На кухне вот-вот зашкворчит задохнувшаяся в холодильнике колбаса, которой теперь суждено жариться на медленном огне газовой конфорки. Мама больше не смеется. Скоро уже забудет происшествие этого утра.

Натягиваешь шапку на непослушные рыжие волосы и грозишь половику кулаком! Халатное поведение уже не уместно, мой дорогой! Халатное – халатам, а половикам… гм… выходит, что – половое.

И самому уже смешно от такой нелепицы.

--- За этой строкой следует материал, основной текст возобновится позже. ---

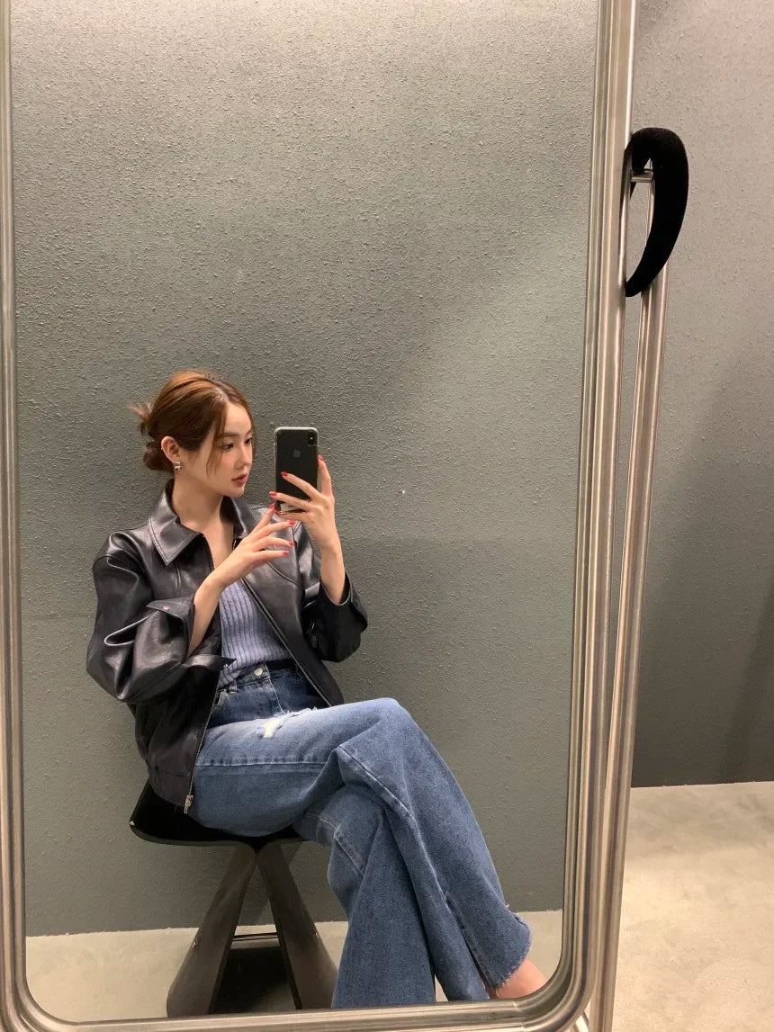 Chic Cropped Leather Jacket for Women
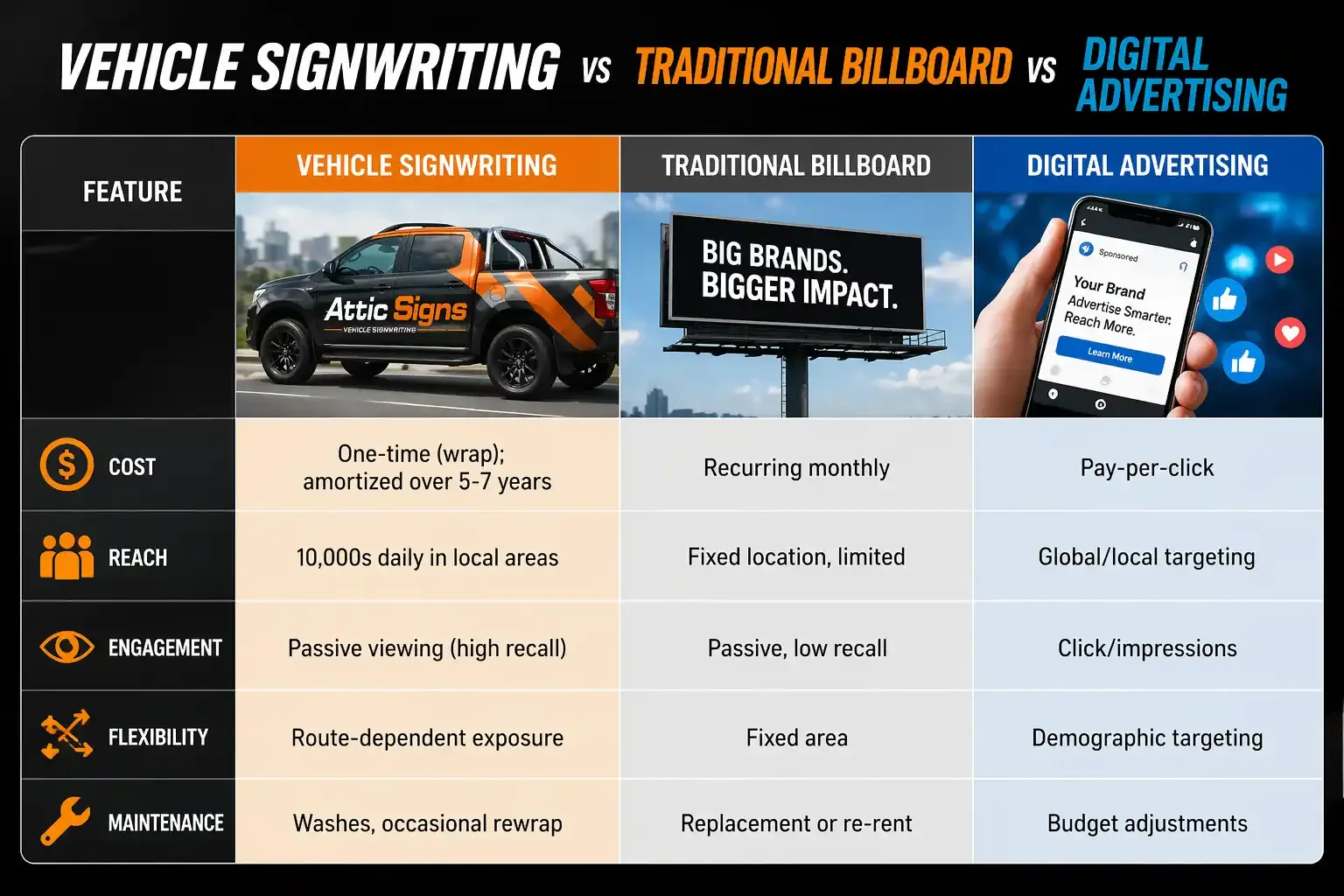 Google Ads or billboards charge recurring fees. In contrast, vehicle signwriting has a single upfront cost. After installation, there are no “per click” fees – your vehicle advertises on the road for years.
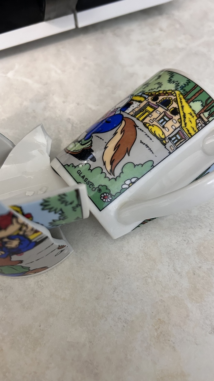 Разбила кружку 25 летней давности. Очень хочется найти такую же. Склеить эту не получается- слишком много осколков.
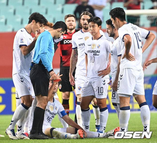 후반 울산 원두재가 깊은 태클로 레드카드를 받고 있다. 2021.10.20 / dreamer@osen.co.kr
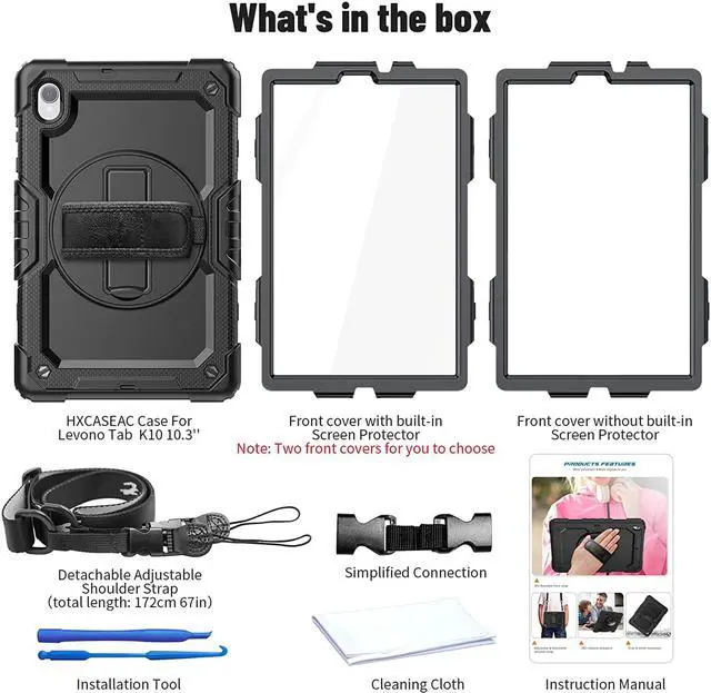 Shockproof + Screen ProtectorThis Lenovo tablet case 10.3 inch is designed with durable anti shock material, with soft silicone edge, hard plastic shell and built-in screen protector. The sturdy case can keep your tablet safe from shock, drop, scratch or accidental damages.
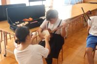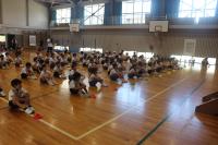今日は、雨となり、昼休みの練習は体育館で工夫して行っていました。
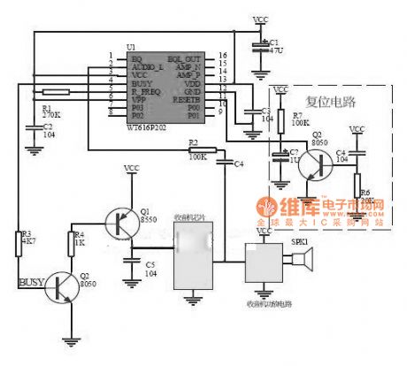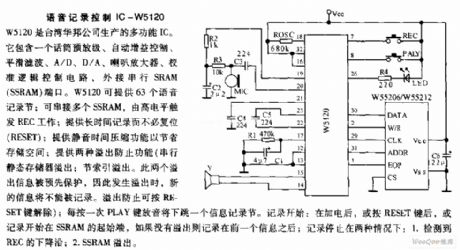 W5120 is a multifunctional IC produced by Taiwan's Winbond Company. It contains a microphone top-level, automatic gain control, smoothing filter, A / D, D / A, speaker amplifier, calibration logic control point and external Serial SRAM (SSRAM) port. W5120 provides 63 voice recording sections. It can cascade multiple SSRAM, whose high level triggers the REC to work. And it provides long records without needs to reset (RESET). Quiet time compression is provided to save storage space. Besides, two overflow prevention functions are equipped (Serial SRAM is easy to overflow and so is the section index.)

А отомстить севшему от стирки носку можно и вечером. Ах, какое же сладкое это чувство – чувство скорой расплаты!

* * *

…А еще ведь можно звонить по справочным телефонам книжных магазинов! Там ответят, протараторят: «Здравствуйте, книжный магазин такой-то, подождите, пожалуйста». И ты ждешь, слушая стол на другом конце Москвы, – тот самый, в который упирается отложенная на время трубка.

Сформулировать вопрос не сложно: есть ли у вас роман писателя Н?

Н? – переспросят участливо и застрекочут клавишами компьютера, вбивая фамилию в поисковую систему. – Нет, Н, к сожалению, нет. Был, но вчера купили последний экземпляр.

Да? – с притворным простодушием удивляешься ты, будто бы купить именно этот последний экземпляр входило и в твои наполеоновские планы. – Какая досада… а сколько же он стоил?

И невидимая девушка начнет поиск сначала. Цена уже проданной книги – зачем она тебе? То – цена твоего не-выхода из дома, твоего не-разговора с ней вживую.

А через пару часов можно позвонить снова. В этот же магазин или в другой, но лучше все-таки в другой. Потому что ты (но почему все-таки?) уверен, она запомнила твои интонации, твой голос. Вдруг одернет, не поздоровавшись и не попросив «пожалуйста, подождать», – сразу и грубо, как приставшего в метро неврастеника.

Что это вы?

Я не испытываю ее терпение дважды. Мне достаточно трех-четырех разных девушек на трех-четырех разных номерах.

Ведь я не ханжа.

И все чаще начинаешь писать в темноте. Не потому что электричество отключили, дом спит в согласованном без обжалования мраке или ты сегодня просто ночуешь в незнакомой квартире, где по стене с непривычки к ее рельефу не нашарить выключателя. Ты пишешь в темноте, устав от света и больше не доверяя его вспомоществованиям, – отупевший, почти сомнамбула, в протяженности какого-то нового невероятного, случаем темноты данного тебе тела с руками и ногами великана, с осязанием медузы, с весом птичьего пера.

Вероятно, ты с утра не узнаешь написанного. Даже не вспомнишь, что мог не узнать. Но, написав, переведешь текст в жест. А кто сказал, что письмо – это только результат, плевки чернильной пасты на бумаге? Письмо – это жест, достаточный сам для себя; жест, не наполненной консервированными голубцами банки; мост, перекинутый между отсутствием берегов.

Мир, который по мере твоего в нем присутствия зажигает лампочки на бесконечном потолке коридора (кто-то сказал мне, что переносит приступы головной боли, гася эти воображаемые лампочки), – этот мир всегда будет бояться темных углов, где есть место неузнанным вещам (таким привычным при свете дня), ошибкам форм и расстояний. Всему тому, неоднозначному и недоказуемому, что порой искажает самые прочные и стройные представления о действительности, – такой, какой мы привыкли ее считать. И письмо в темноте однажды воплотит в себе самое упорное сопротивление пойманной раз и навсегда ясности.

И сбережение глаз здесь абсолютно ни при чем!